Retype the entries, please, from their first line to the line containing "5. CLIP STUDIO PAINT PRO 및 EX Ver.4.0 기능비교", exactly and only those lines, minus the pictures.

*** Data to use Section Begins ***

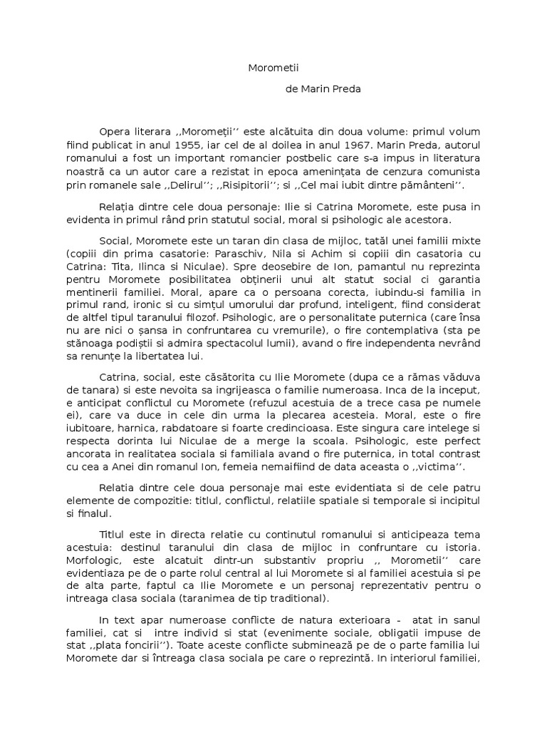 Academia edu is a platform for academics to share research papers. Vei afla ce duce la destrămarea relației dintre tată și fiu ilie moromete niculae moromete citind cu atenție explicațiile de pe această pagină. Acesta este unul dintre puţinele personaje ale cărui coordonate faţă de primul volum nu se schimbă în linii mari. Familia moromete familia moromete era alcatuita din ilie moromete tatal cei trei copii ai sai paraschiv nila si achim catrina moromete mama vitrega a celor trei frati niculai si ilinca copii facuti cu moromete si tita fata catrinei facuta din casatoria dintai.
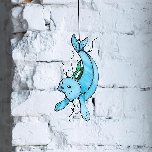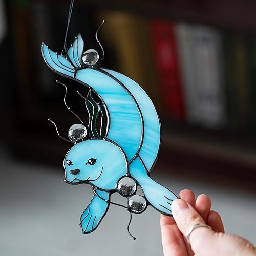 The whole stained glass suncatcher is made of high-quality stained glass, lead-free solder, copper foil, and metal chain, which is durable and safe to use. Size: 7.8 x 12" The package included a box with foam that ensures the safety of the glass. Also, we add a suction cup. The stained glass suncatcher is designed in the shape of a mermaid, with a beautiful and dreamy appearance. It is the perfect decoration for your living room, bedroom, bathroom, porch, window, and any other place you want to add color and light. The stained glass suncatcher is a perfect gift for your friends, family, or loved ones on Birthday, Valentine's Day, Mother's Day, or any other special occasion. It is a beautiful and meaningful gift that will be treasured for years to come.
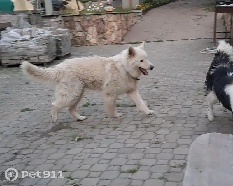 Белая Швейцарская овчарка , коричневый ошейник , собака в слабом состоянии, поранена, последний раз была замечена в Новоберезовском около Бургер Кинга
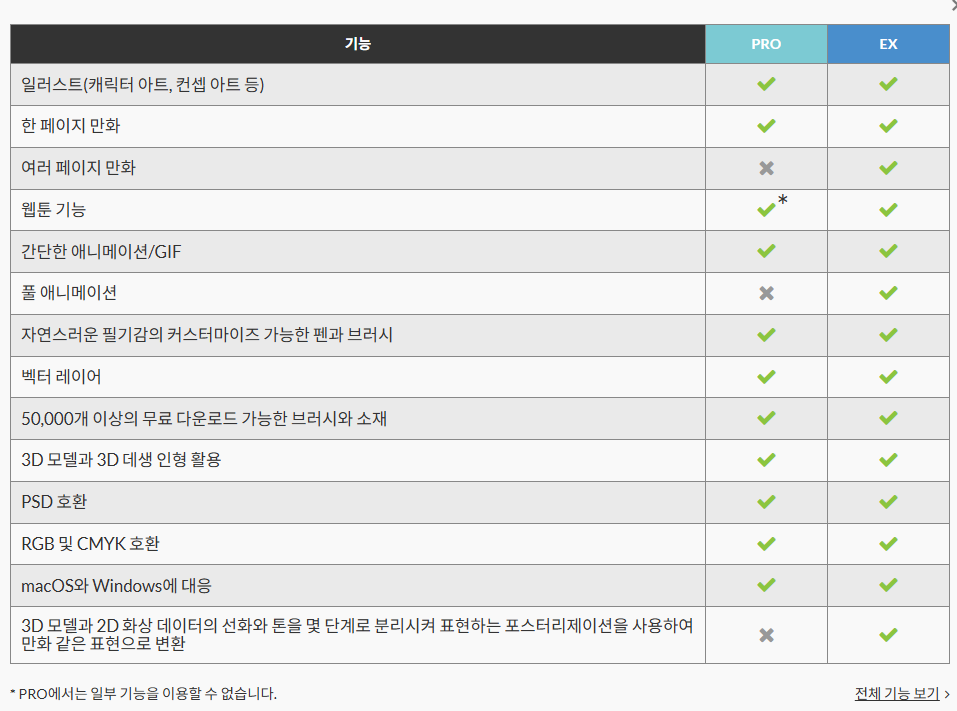 5. CLIP STUDIO PAINT PRO 및 EX Ver.4.0 기능비교
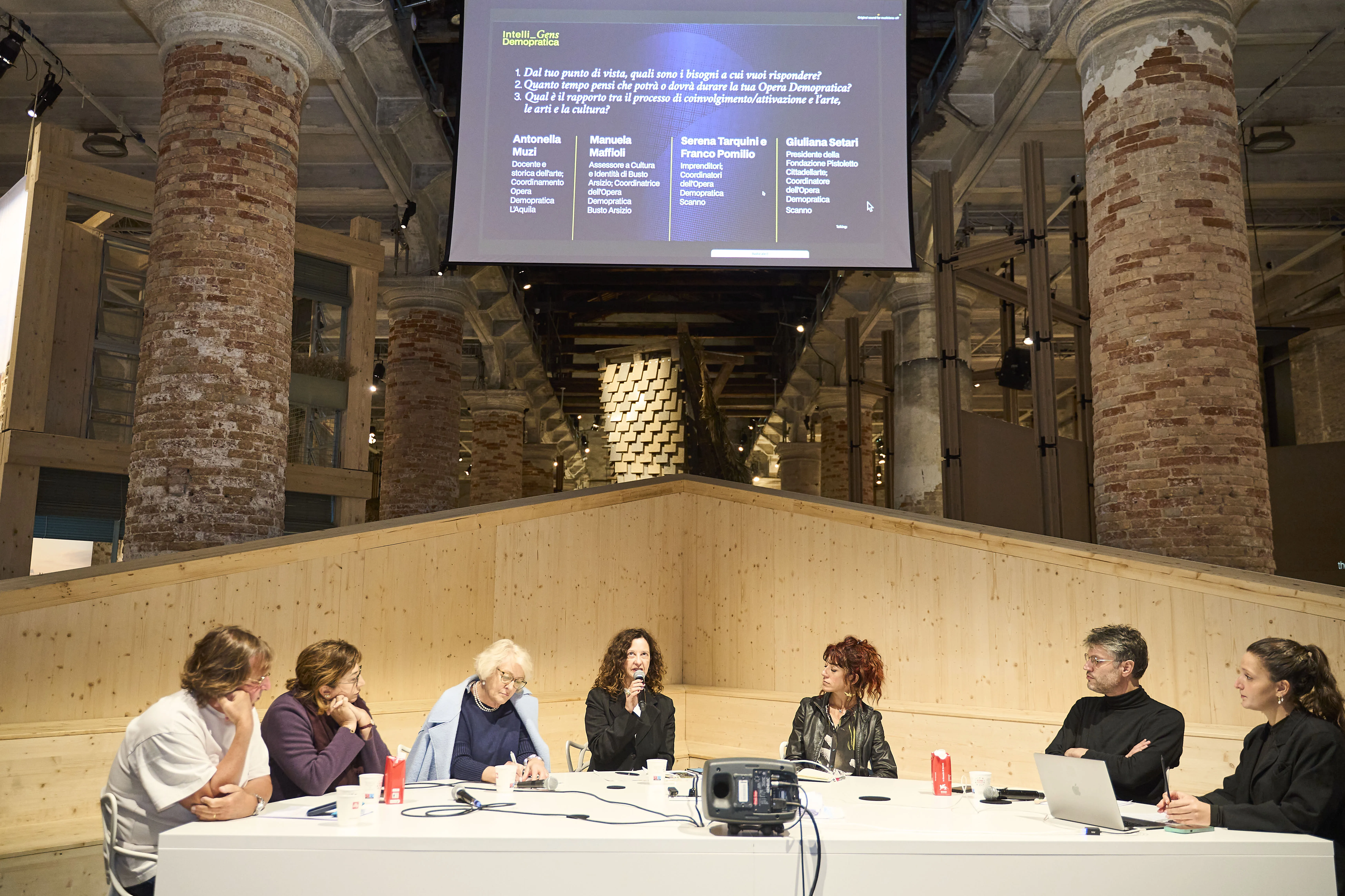 Alla domanda sulla durata delle opere, le risposte hanno tracciato una visione comune: la demopraxia non ha un tempo definito, ma si sviluppa come un processo continuo. Franco Pomilio ha dato la sua chiave di lettura: “Non possiamo fissare una scadenza. Il nostro compito è mettere in rete le energie del territorio, creare coordinamento e connessioni. È così che si costruisce una progettualità duratura”. Per Muzi, invece, la memoria delle azioni passate è parte integrante di questa continuità. Ha ricordato la performance del 2014, quando gli aquilani realizzarono un Terzo Paradiso con secchi da cantiere e acqua colorata: “Un gesto semplice ma potente, una rinascita simbolica. Ancora oggi, durante le visite guidate, il Terzo Paradiso di Pistoletto è sempre citato. È entrato nel racconto collettivo della città”. L’ultima domanda – sul rapporto tra partecipazione e arti – ha aperto una riflessione condivisa sulla forza trasformativa della bellezza. “L’arte ha la capacità di accedere alla mente e al cuore dell’individuo – ha affermato Setari –. È una forma di conoscenza e di responsabilità”. Pomilio ha ampliato il discorso: “L’arte è anticipatrice delle esigenze sociali, ma non è l’unico strumento. Bisogna mettere insieme le arti, anche la demopraxia stessa è un’arte civile. Un’opera, per me, deve produrre altre opere”. Per Maffioli, il legame tra cultura e cittadinanza è la chiave di un nuovo modello urbano: “Stiamo ripensando i luoghi culturali come spazi di partecipazione. La cultura non è un lusso, ma un bene comune che genera consapevolezza”. La sessione si è conclusa con un filo rosso condiviso: la demopraxia come infrastruttura di bellezza, partecipazione e responsabilità.

*** Data to use Section Ends ***

> **Worked solution**
 Academia edu is a platform for academics to share research papers. Vei afla ce duce la destrămarea relației dintre tată și fiu ilie moromete niculae moromete citind cu atenție explicațiile de pe această pagină. Acesta este unul dintre puţinele personaje ale cărui coordonate faţă de primul volum nu se schimbă în linii mari. Familia moromete familia moromete era alcatuita din ilie moromete tatal cei trei copii ai sai paraschiv nila si achim catrina moromete mama vitrega a celor trei frati niculai si ilinca copii facuti cu moromete si tita fata catrinei facuta din casatoria dintai.
 The whole stained glass suncatcher is made of high-quality stained glass, lead-free solder, copper foil, and metal chain, which is durable and safe to use. Size: 7.8 x 12" The package included a box with foam that ensures the safety of the glass. Also, we add a suction cup. The stained glass suncatcher is designed in the shape of a mermaid, with a beautiful and dreamy appearance. It is the perfect decoration for your living room, bedroom, bathroom, porch, window, and any other place you want to add color and light. The stained glass suncatcher is a perfect gift for your friends, family, or loved ones on Birthday, Valentine's Day, Mother's Day, or any other special occasion. It is a beautiful and meaningful gift that will be treasured for years to come.
 Белая Швейцарская овчарка , коричневый ошейник , собака в слабом состоянии, поранена, последний раз была замечена в Новоберезовском около Бургер Кинга
 5. CLIP STUDIO PAINT PRO 및 EX Ver.4.0 기능비교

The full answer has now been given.